INTERVIEW – Giulia Mangione and the prophecies about the end of the world
Giulia Mangione, photographer invited în the Doom Mood show at IsThisArtGallery?, recounts the course of her on-going project “The Fall”, a photographic journey to the apocalypse in which she explores communities preparing for a catastrophic event.
Doom Mood can be seen in Bucharest for the next month and it features also images taken by Toma Hurduc that complement her vision.
Giulia Mangione, winner of the Young Italian Photography competition | Premio Luigi Ghirri 2023, and Toma Hurduc examine existential fears and how the anxieties shape individual identities and community bonds. Their projects confront the idea of imminent collapse, be it the slow road to disaster or the unnoticed erosion of reality, both closely linked to the growing threat of climate change.
Her photographs exude tension and the communities featured in the project build a shared reality, a collective paranoia about a possible final event.
Her project started in the United States before the outbreak of the Covid-19 pandemic. There she found a community calling itself the largest survival community in the world, retirees living in bunkers, a mother doing survival drills with her children who are convinced the end of the world is coming, and people who believe the huge Yellowstone volcano will soon erupt. She has also immortalized landscapes and people in Spain, Italy and Greece.
Few of her photographs are on show in Bucharest, in this exhibition that brings together two similarly themed projects with distinct visions.
How did you start “The Fall” project?
Giulia Mangione: It started with, let’s say, a personal worrying and sort of anxiety towards the future of what is going to happen. I started to think about this project actually before the pandemic. And after that, a lot of different things happened, including the pandemic, the war that started in Europe.

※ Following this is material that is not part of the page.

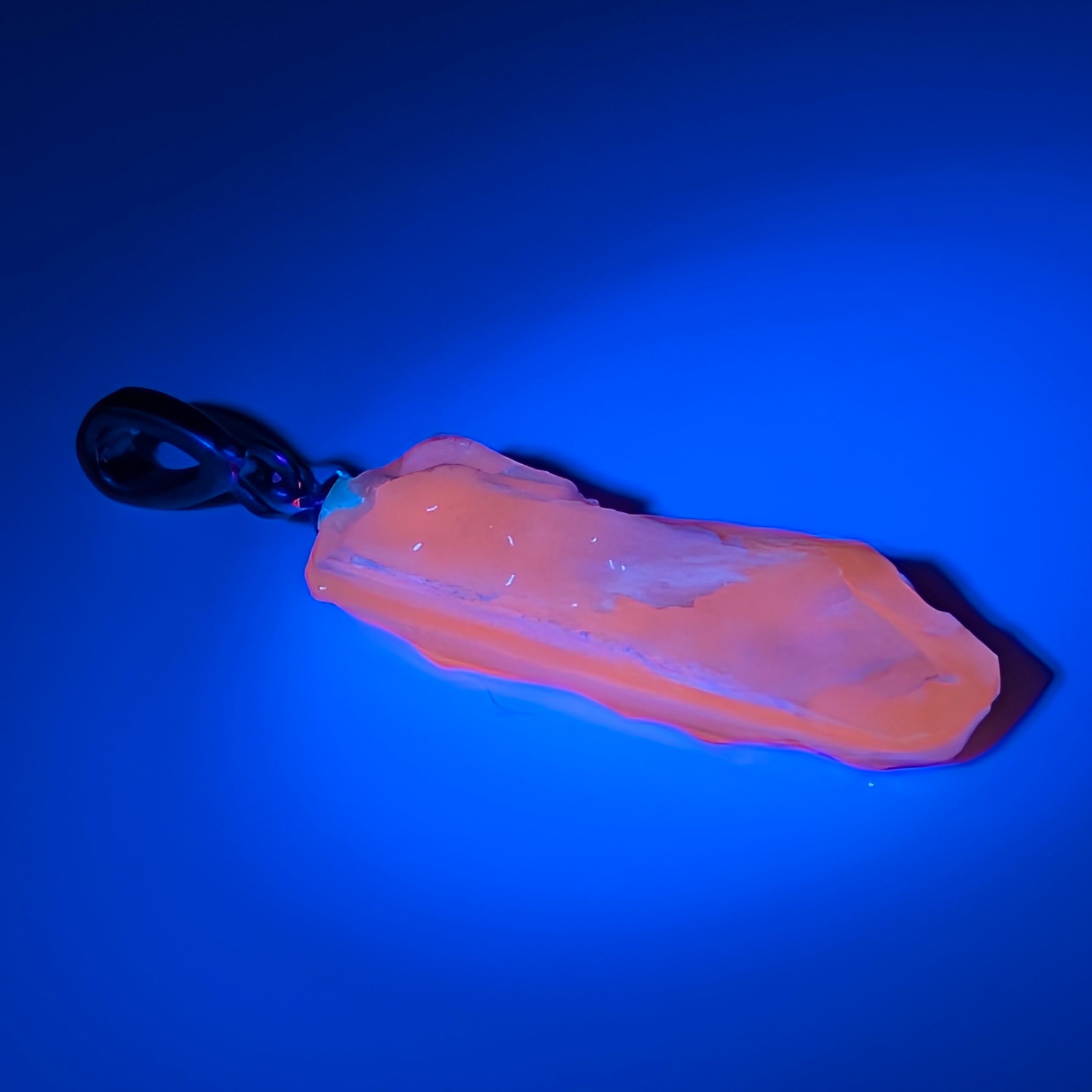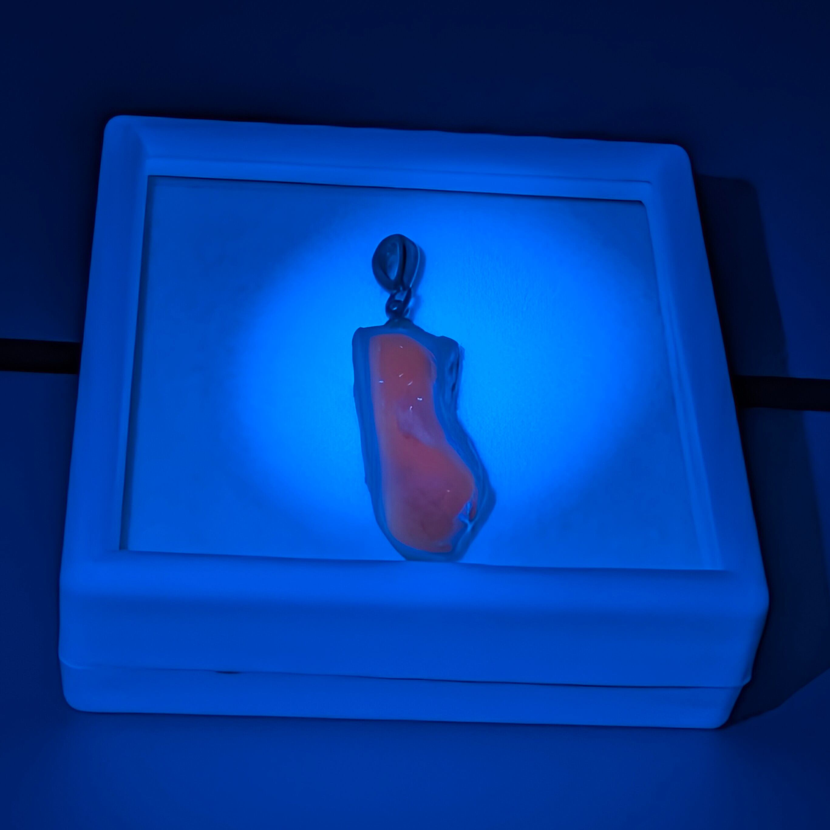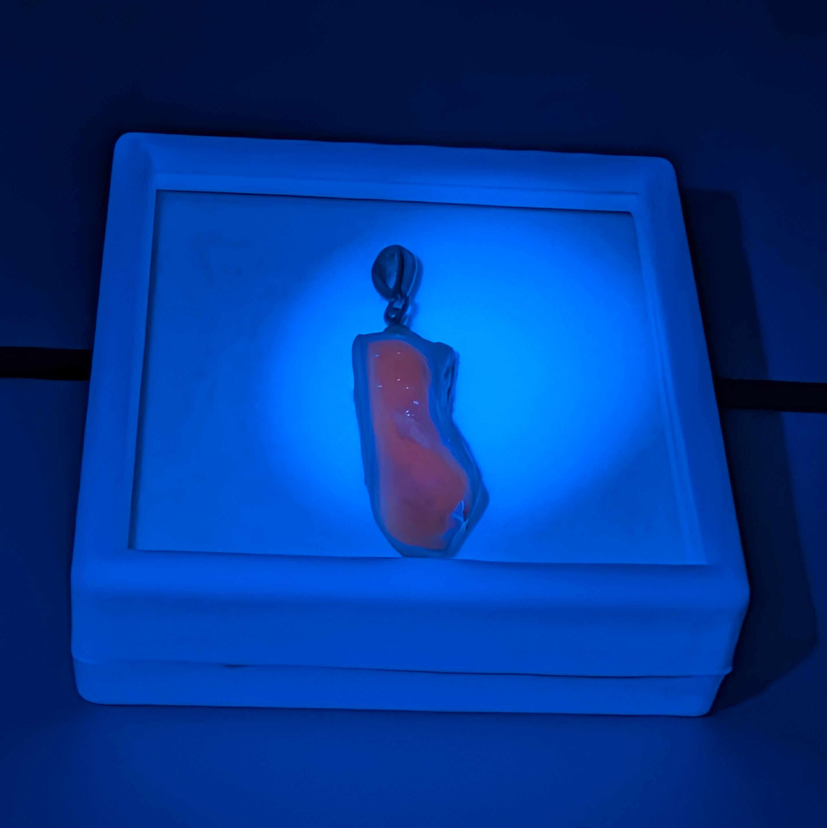 紫外線を当てると赤・緑・青・黄など多彩なネオンカラーを瞬時に放つ蛍光性を持ち、可視光では見えない色までも光として引き出す神秘の天然石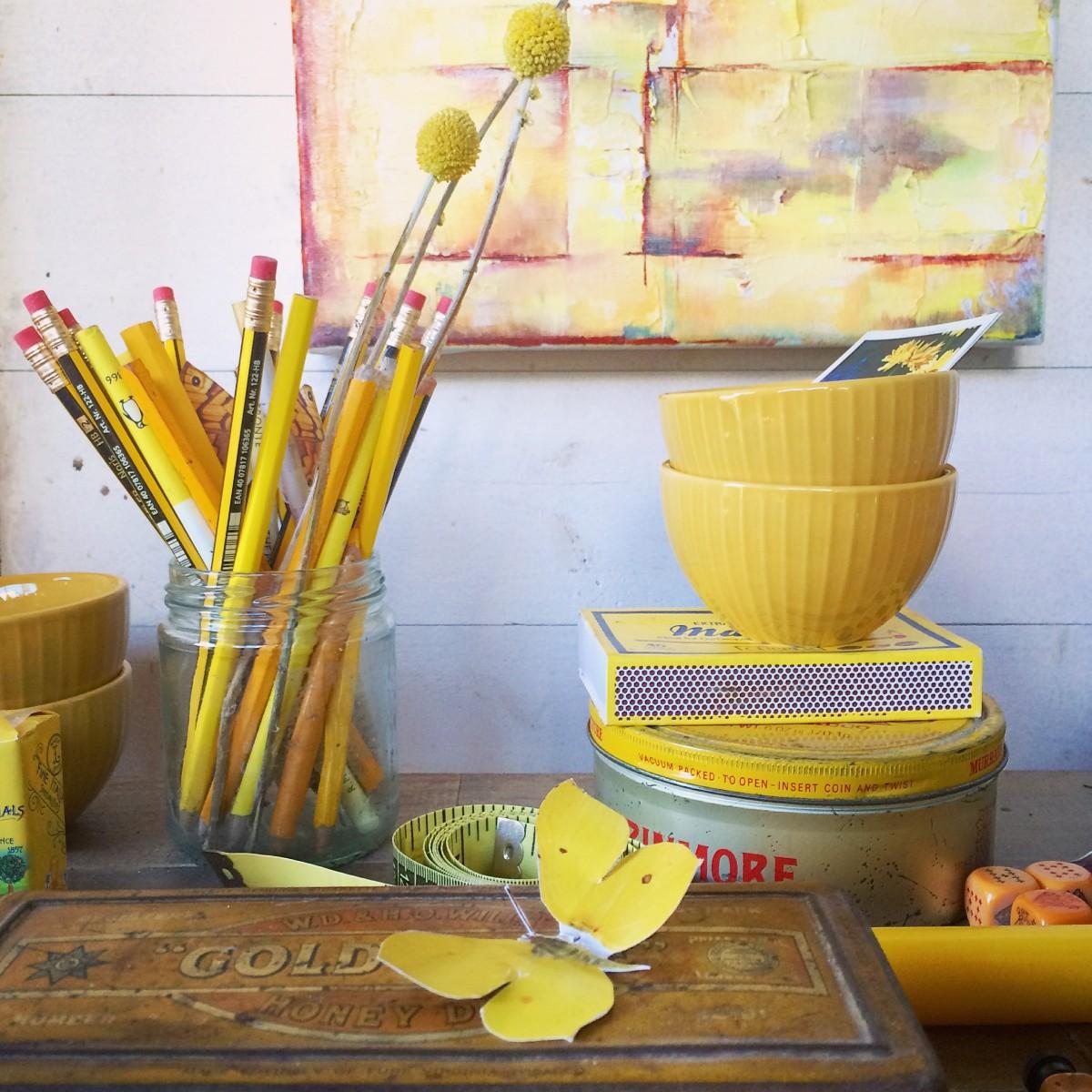 Rodeada de sus colecciones vintage ,algunas realizadas con objetos de herencia familiar y otros adquiridos en mercados de pulgas combinados con objetos nuevos como la lámpara amarilla. Punto de partida de esta transformación.

And when I began, I thought this project would be just sort of, it was a far-fetched thought that the world would end or that there would be some catastrophic event. And it was sort of a fantasy. And the more I’ve been working with this project, things have actually changed
I guess I started as a reaction to this fear and worry that I had. And I wanted to do something to know more about what’s happening and why are there all the time these prophecies about the end of the world, these dates that come and go and nothing happens. So, I decided to go on several trips, research trips in different parts of the world.
Where have you traveled?
Giulia Mangione: I started in the United States, where I had found a community of people that they call themselves the largest survival community in the world. They think that they are the ones that are going to survive in case something happens.
I just went there because I wanted to meet them in person and I didn’t even want to read too much before meeting them so that I wouldn’t be biased by the many articles that have been written on these people. The pictures have not been included in this exhibition.
After meeting them, what happened?
Giulia Mangione: Then I decided to go on these several trips to meet people and collect the stories. So, the project is made of interviews where I collect the stories of people that you can’t see in this exhibition.
There are people that talk about their own personal experience, like two pensioners that they were looking for a place to move to when they retired and decided to move into a bunker. Because they thought it was safe. Then another woman who used to do survival drills with her kids, and for a month they wouldn’t buy anything and they would just live on what they had in storage. And they call this thing Lucky Month. And she did that every summer for some years. She hadn’t realized that the kids actually thought that the world was going to end. If for her it was just like a game, for them they really thought that the world would end.
Which of the images chosen by curators Angelica Maria and Matilda Ardeleanu have the most interesting stories?
Giulia Mangione: The one outside it’s from Yellowstone representing the eruption of a geyser. And it’s taken there because Yellowstone is called like a super volcano. And when you ask people that are like preppers or they have some reason to believe that the world is going to end one of the things that they are most afraid of is that it will blow up. So, I’ve been taking photos there. This photo in the show actually matches very well with the exhibition quote by Slavoj Zizek. ”It is easier to imagine an end to the world than the end to capitalism”. And that picture is kind of connected with…
The one with the empty bed?
Giulia Mangione: Yes, because this is the bed of Samuelsson, who was a Swedish immigrant to the United States. He emigrated there in the 1900s. And he was against the whole system, the birth of capitalism in those years. And he moved to the United States. For some reason, because he was an immigrant, he could not own any property. And he died owning nothing. In the desert there, he scribbled his thoughts on all these boulders that you see there. Most of them are actually… It’s funny because they’re misspelled. They’re quite funny, and it’s all things against capitalism, against the beginning of capitalism. He was already seeing that it would be that, which I think is very much in connection to the work of Toma Hurduc, because he also thinks a lot about capitalism and this clash with contemporary society.
In Utah, a very religious region, often when I was driving there were these signs that appeared. And I had sometimes very profound questions. ”How do you know what to believe?”, for example, as it is written on the billboard. And since I was in this road trip, I was kind of questioning all the time what I really thought. It was kind of interesting.
“Doom Mood” is part of “Next Generation of Artists”, a project that supports the training and promotion of young artists and curators, helping them to make their voices heard, nationally and internationally. After Bucharest, she will be in Norway at the Nitja Center. The project is funded by EEA and Norway Grants 2014-2021 under the RO-Cultura Program.